**TASK DIRECTIONS**. Given the records underneath, please repeat exactly the lines from the line with "Pyramide skåret ud" through the line with "Flor delicada blanca", passing over any picture.

**MATERIAL SUPPLIED**.

- - -

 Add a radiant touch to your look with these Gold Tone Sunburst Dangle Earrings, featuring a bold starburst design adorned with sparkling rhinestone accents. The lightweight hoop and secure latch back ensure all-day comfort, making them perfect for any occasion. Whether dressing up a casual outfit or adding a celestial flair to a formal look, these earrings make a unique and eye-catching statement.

- - -

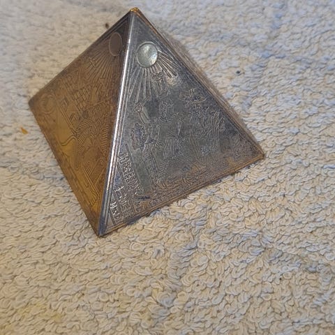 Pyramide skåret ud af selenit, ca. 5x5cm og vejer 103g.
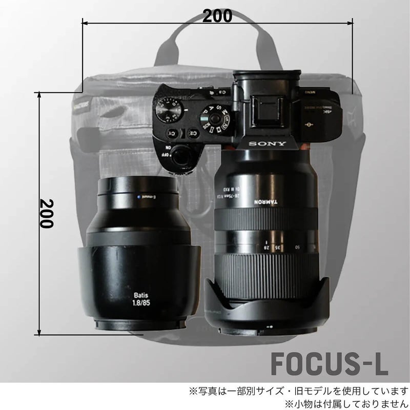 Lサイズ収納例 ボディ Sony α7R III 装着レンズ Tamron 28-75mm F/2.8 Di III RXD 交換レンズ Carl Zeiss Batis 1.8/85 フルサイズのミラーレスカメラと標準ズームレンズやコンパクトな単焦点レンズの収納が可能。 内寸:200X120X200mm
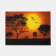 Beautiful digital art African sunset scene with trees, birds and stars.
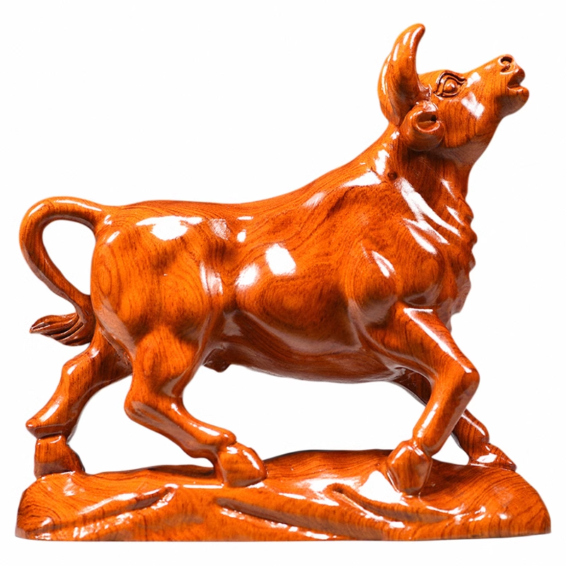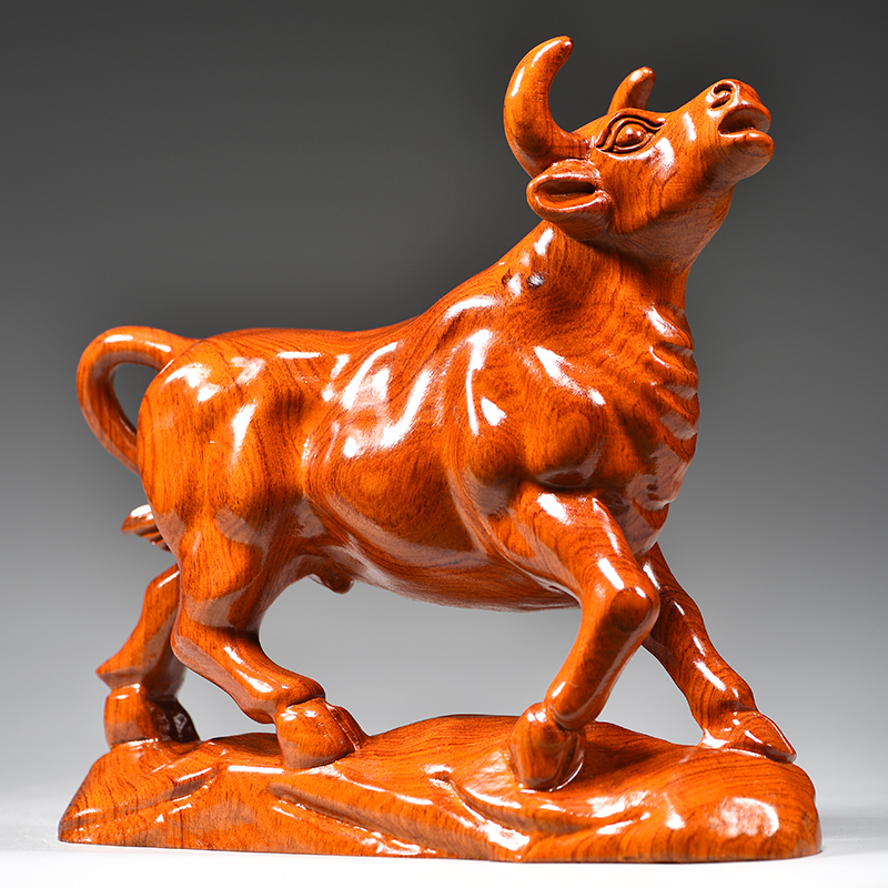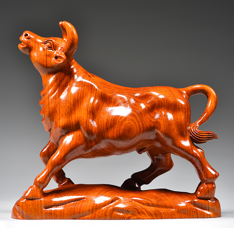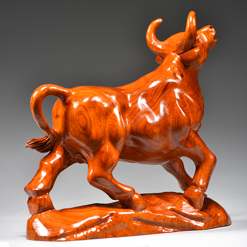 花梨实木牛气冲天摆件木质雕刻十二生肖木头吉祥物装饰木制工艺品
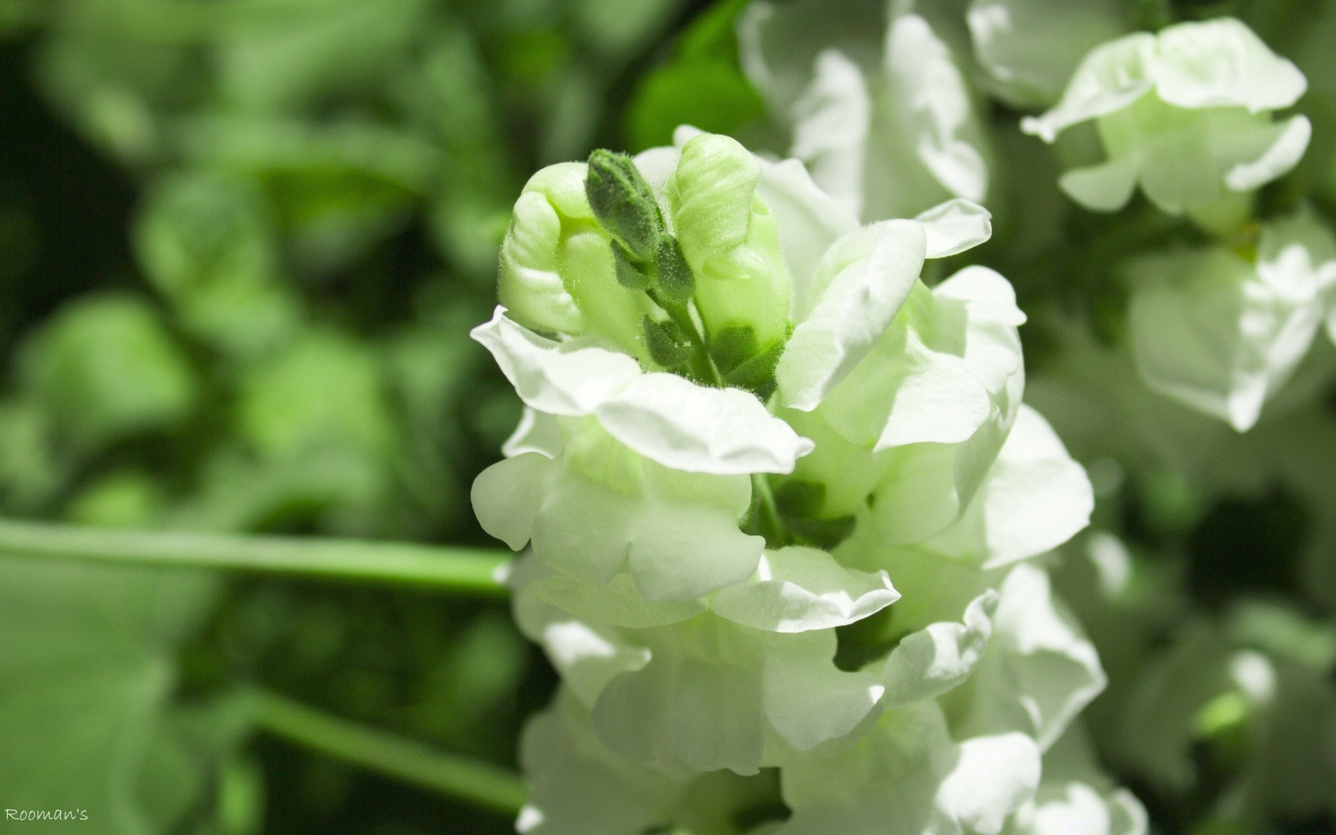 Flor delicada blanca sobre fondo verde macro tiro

- - -

**COMPLETED TASK**.
 Pyramide skåret ud af selenit, ca. 5x5cm og vejer 103g.
 Lサイズ収納例 ボディ Sony α7R III 装着レンズ Tamron 28-75mm F/2.8 Di III RXD 交換レンズ Carl Zeiss Batis 1.8/85 フルサイズのミラーレスカメラと標準ズームレンズやコンパクトな単焦点レンズの収納が可能。 内寸:200X120X200mm
 Beautiful digital art African sunset scene with trees, birds and stars.
 花梨实木牛气冲天摆件木质雕刻十二生肖木头吉祥物装饰木制工艺品
 Flor delicada blanca sobre fondo verde macro tiro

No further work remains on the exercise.